*** Begin section ***

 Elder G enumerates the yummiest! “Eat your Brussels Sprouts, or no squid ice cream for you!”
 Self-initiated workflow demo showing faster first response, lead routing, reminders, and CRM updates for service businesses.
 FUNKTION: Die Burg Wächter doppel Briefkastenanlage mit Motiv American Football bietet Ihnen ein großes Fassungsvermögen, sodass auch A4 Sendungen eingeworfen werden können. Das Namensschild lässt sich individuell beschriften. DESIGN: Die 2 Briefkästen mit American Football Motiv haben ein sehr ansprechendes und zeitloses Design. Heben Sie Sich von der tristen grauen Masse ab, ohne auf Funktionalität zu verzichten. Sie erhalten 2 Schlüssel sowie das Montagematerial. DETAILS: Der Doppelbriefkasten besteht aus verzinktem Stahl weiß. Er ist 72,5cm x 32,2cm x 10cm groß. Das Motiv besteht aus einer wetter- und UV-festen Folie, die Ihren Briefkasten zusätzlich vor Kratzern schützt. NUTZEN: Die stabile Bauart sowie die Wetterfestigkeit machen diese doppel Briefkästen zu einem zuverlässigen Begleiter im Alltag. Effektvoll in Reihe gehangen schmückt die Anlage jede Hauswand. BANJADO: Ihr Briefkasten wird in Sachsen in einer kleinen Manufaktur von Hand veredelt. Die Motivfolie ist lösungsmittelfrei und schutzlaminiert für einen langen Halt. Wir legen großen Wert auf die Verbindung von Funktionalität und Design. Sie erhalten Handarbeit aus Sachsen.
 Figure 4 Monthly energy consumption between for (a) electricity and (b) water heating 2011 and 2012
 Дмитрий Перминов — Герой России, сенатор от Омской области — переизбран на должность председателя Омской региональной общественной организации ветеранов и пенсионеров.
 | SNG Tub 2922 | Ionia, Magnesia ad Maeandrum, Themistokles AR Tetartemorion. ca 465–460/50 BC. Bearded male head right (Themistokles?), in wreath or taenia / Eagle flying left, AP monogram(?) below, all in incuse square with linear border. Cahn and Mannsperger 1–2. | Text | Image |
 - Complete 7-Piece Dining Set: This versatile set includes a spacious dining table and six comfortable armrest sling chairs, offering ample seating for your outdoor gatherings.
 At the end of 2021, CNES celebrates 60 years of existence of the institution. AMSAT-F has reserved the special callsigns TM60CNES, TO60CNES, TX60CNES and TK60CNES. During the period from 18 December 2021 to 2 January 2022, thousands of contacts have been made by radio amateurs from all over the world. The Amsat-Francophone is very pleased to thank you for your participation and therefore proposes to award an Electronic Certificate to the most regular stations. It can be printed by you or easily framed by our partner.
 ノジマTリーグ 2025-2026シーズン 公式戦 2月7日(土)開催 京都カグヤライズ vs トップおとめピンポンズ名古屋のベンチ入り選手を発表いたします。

*** End section ***

Task details.
Between the first line of the entries above and the line with "Self-initiated workflow demo", both included, copy every line exactly and nothing outside that range.

Task answer.
 Elder G enumerates the yummiest! “Eat your Brussels Sprouts, or no squid ice cream for you!”
 Self-initiated workflow demo showing faster first response, lead routing, reminders, and CRM updates for service businesses.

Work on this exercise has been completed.